Have a question about this project? Sign up for a free GitHub account to open an issue and contact its maintainers and the community.

By clicking “Sign up for GitHub”, you agree to our terms of service and privacy statement. We’ll occasionally send you account related emails.

Already on GitHub? Sign in to your account

Mbedtls Dynamic Port - Memory leak (IDFGH-13555) #14444

Open
3 tasks done
HikingDev opened this issue Aug 26, 2024 · 17 comments · May be fixed by #14614
Open
3 tasks done

Mbedtls Dynamic Port - Memory leak (IDFGH-13555) #14444

HikingDev opened this issue Aug 26, 2024 · 17 comments · May be fixed by #14614
Labels
Status: Opened Issue is new Type: Bug bugs in IDF

Comments

@HikingDev
Copy link

Answers checklist.

  • I have read the documentation ESP-IDF Programming Guide and the issue is not addressed there.
  • I have updated my IDF branch (master or release) to the latest version and checked that the issue is present there.
  • I have searched the issue tracker for a similar issue and not found a similar issue.

IDF version.

v5.2-dev-3903-g66992aca7a

Espressif SoC revision.

ESP32 (revision: v3.0)

Operating System used.

Windows

How did you build your project?

Command line with idf.py

If you are using Windows, please specify command line type.

PowerShell

Development Kit.

ESP32-Wrover-Kit

Power Supply used.

External 5V

What is the expected behavior?

Running an a https Webserver with dynamic rx/tx buffers and using a Client to send Data > 16KB to the ESP32 HTTPS Server without crashing with "CORRUPT HEAP" message

What is the actual behavior?

The firmware crashes withe a "CORRUPT HEAP" message

Steps to reproduce.

  1. flash firmware with esp32 webserver hosting a website
  2. Open Website hosted via ESP32 in Chrome browser

Debug Logs.

I (55063) Socket parser: [ #55 ] Setting up SSL/TLS data
I (55063) Socket parser: [ #55 ] Performing the SSL/TLS handshake
I (55143) Socket parser: [ #55 ] Handshake successful
W (55143) Socket parser: [initializeServerSSLSession][HEAP] Nr sockets: 6, Heap usage: 112804
I (55143) Socket parser: [initializeServerSSLSession] Releasing lock for clientFd '55'
I (55193) Socket parser: Recv Socket: socketFd: 51  size: 3800
I (55193) Socket parser: [recvSocket][LOCK] Attempting to acquire lock for socket '51'
I (55193) Socket parser: [recvSocket][LOCK] Lock acquired for socket '51'
E (55203) SSL TLS: failed read
CORRUPT HEAP: Bad tail at 0x3ffde6fd.

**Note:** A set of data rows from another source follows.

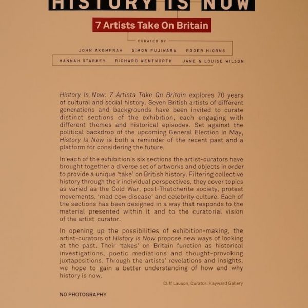 History Is Now is co-curated by Dr Cliff Lauson, Hayward Gallery Curator.
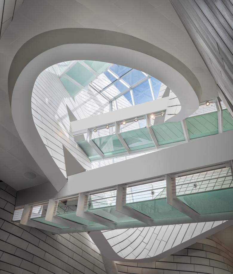 As revealed by the early photographs of the museum shown here, a lot of design attention was focused on the entry atrium, which is illuminated by natural light through a glazed wall and skylight, and is bridged at three levels to connect the different spaces of the museum. The materials cladding the undulating surfaces of the museum's facade along the roof terrace continue inside the atrium, in line with what the architects call a "strong relationship between indoor and outdoor space [that] encourages visitors to immerse themselves in the celebrated climate of southern California, where light, air, and space have influenced generations of artists."
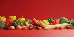Colorful vegetables with copyspace on solid background, a vibrant mix of fresh vegetables like bell peppers, tomatoes, and carrots arranged neatly, with ample space for text or branding.
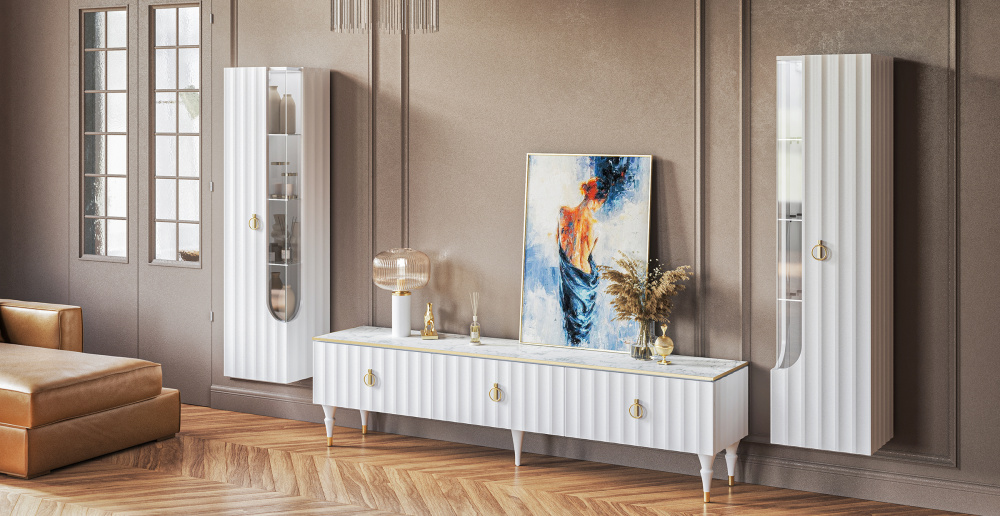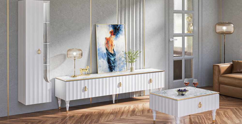 Коллекция мебели Лоренсо – это изысканный дизайн, подчеркнутый золотой металлической линией на изящной утончённой столешнице Мрамор Неро Маркина. Дизайнерские резные ножки из дерева придают коллекции легкость, а инновационное матовое покрытие от итальянских производителей будто приглашает дотронуться до бархатистой волны фасада и ощутить тепло прикосновения. Необычные подвесные шкафы идеально смотрятся вместе, глядя друг на друга прозрачными боковыми витринами, задавая тон всему интерьеру. С мебелью Лоренсо вы окунетесь в атмосферу престижного загородного клуба, где все устроено для вашего комфорта и спокойствия. Мебель Лоренсо – это роскошный фон для вашей жизни.
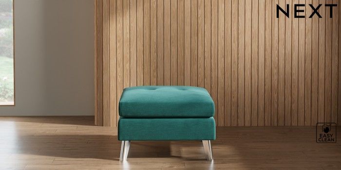 7.2.10 Buy Wilson Buttoned Back Footstool Fine Chenille Easy Clean Dark Juniper Green Metal Tapered - Chrome from the Next UK online shop Click here to use our accessible website
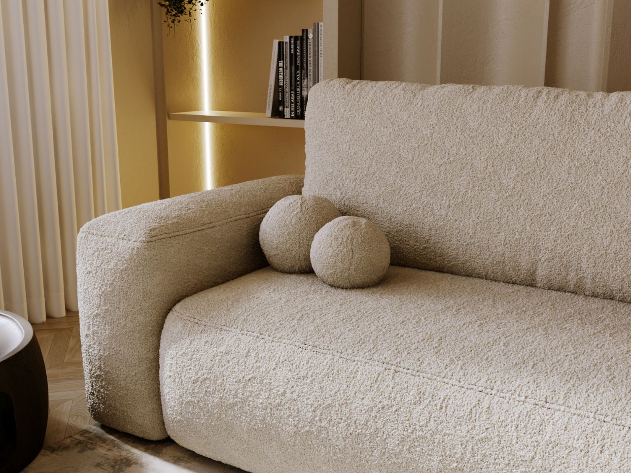 Tkanina Quelle to wysokiej jakości materiał obiciowy typu bouclé, określany również jako „baranek”. Wyróżnia się charakterystyczną, pętelkową strukturą, która nadaje jej puszystości i wyjątkowej miękkości. Dzięki swojej trójwymiarowej fakturze dodaje meblom przytulności, elegancji i niepowtarzalnego charakteru, jednocześnie wpisując się w najnowsze trendy wnętrzarskie.
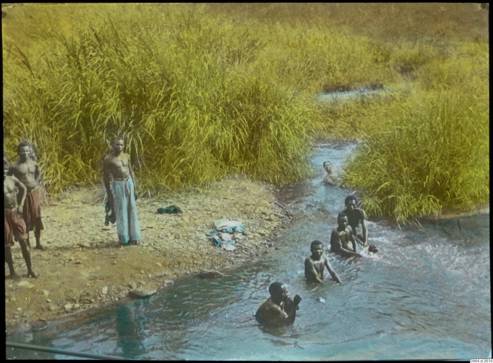 badande, kläder, gruppbild, vatten, strand, män, fotografi, photograph
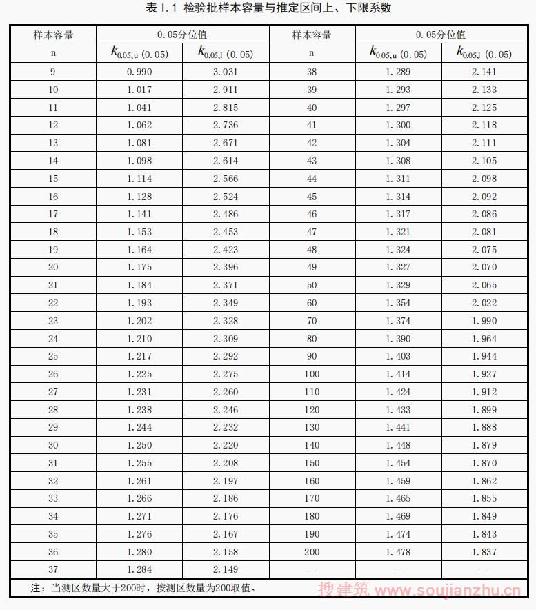 檢驗批樣本容量與推定區(qū)間上、下限系數(shù)見表I.1。
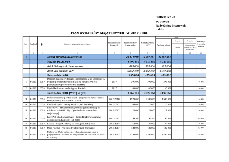 Tabela Nr 2a PLAN WYDATKÓW MAJĄTKOWYCH W 2017 ROKU §
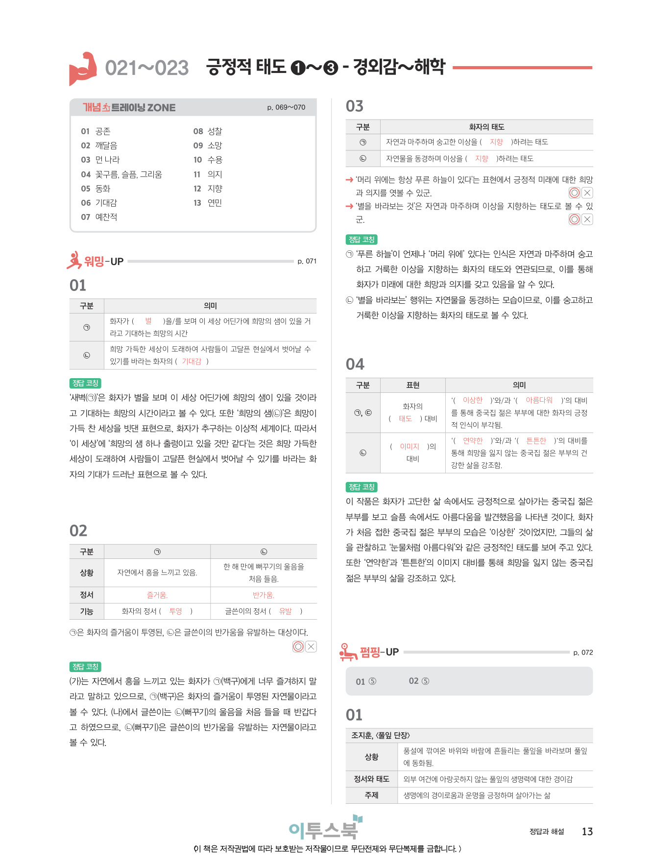021~023 긍정적 태도 (1)(경외감~동화) / (2)(만족감~예찬) / (3)(유대감~해학)
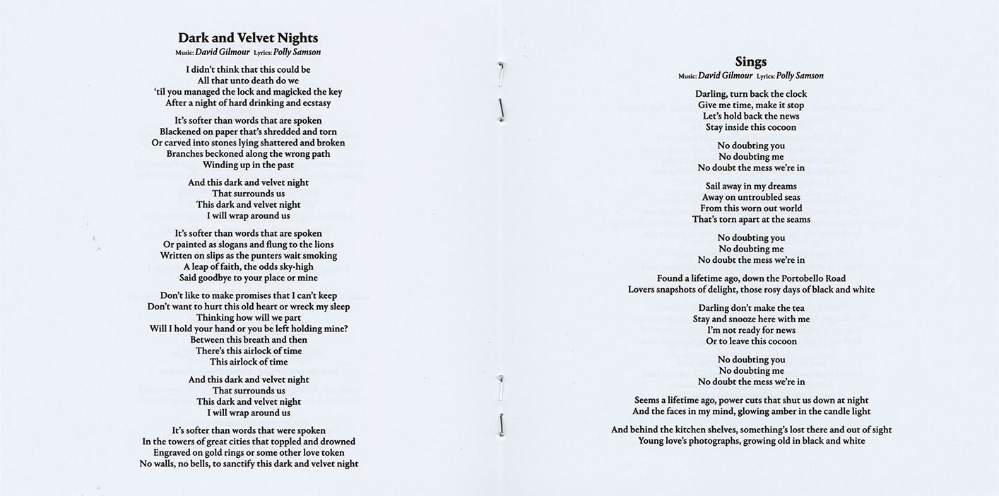 Back Cover: A picture of David Gilmour. Song titles. Credits.
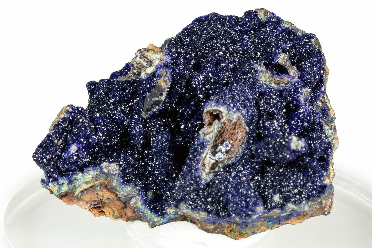 Azurite is a copper carbonate hydroxide mineral best known for its beautiful and vibrant blue appearance. Azurite typically forms in nodular formations with other colorful, copper-rich minerals. It is a secondary mineral that precipitated in pores, crevices, and caverns from water with high concentrations of carbon dioxide.
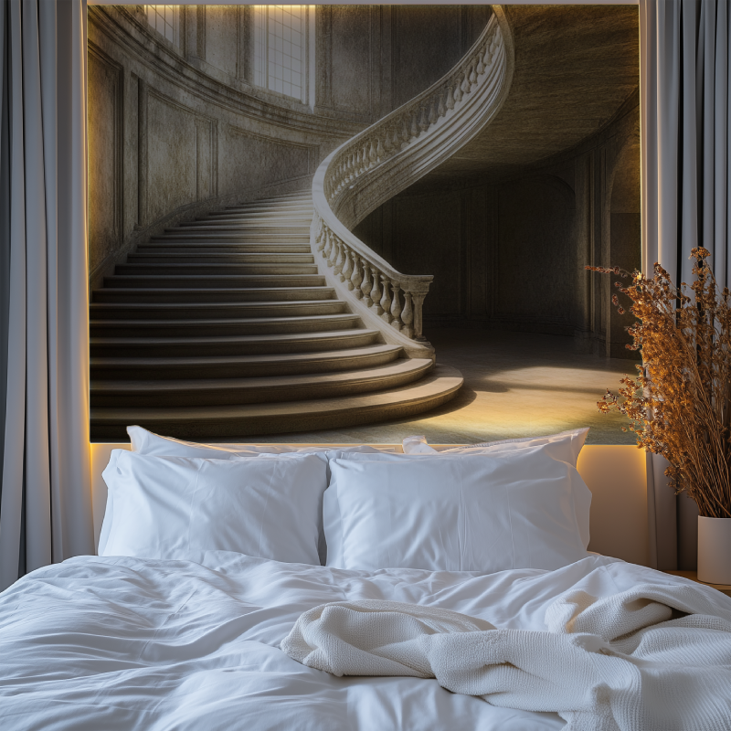 The unique design of the Trompe L'oeil Staircase Wallpaper captures the imagination with its stunning depth effect. The soft shades of gray and beige bring timeless elegance, while the illusion of a majestic staircase draws the eye and invites you to dream.

Expected 0xbaad5678 got 0x00000000
Guru Meditation Error: Core  0 panic'ed (LoadProhibited). Exception was unhandled.

Setting breakpoint at 0x4008d895 and returning...
0x4008d895: multi_heap_free at C:/SysGCC/esp32/13.2.0_12.1_idf5.2/esp-idf/v5.2/components/heap/multi_heap_poisoning.c:279

V (1541) esp_apptrace: esp_apptrace_flush_nolock(): enter

More Information.

Currently the esp mmbedtls dynamic implementation uses a function tx_buffer_len(...) in both

esp_mbedtls_add_tx_buffer and esp_mbedtls_add_rx_buffer to get the buffer length used in mbedtls_calloc.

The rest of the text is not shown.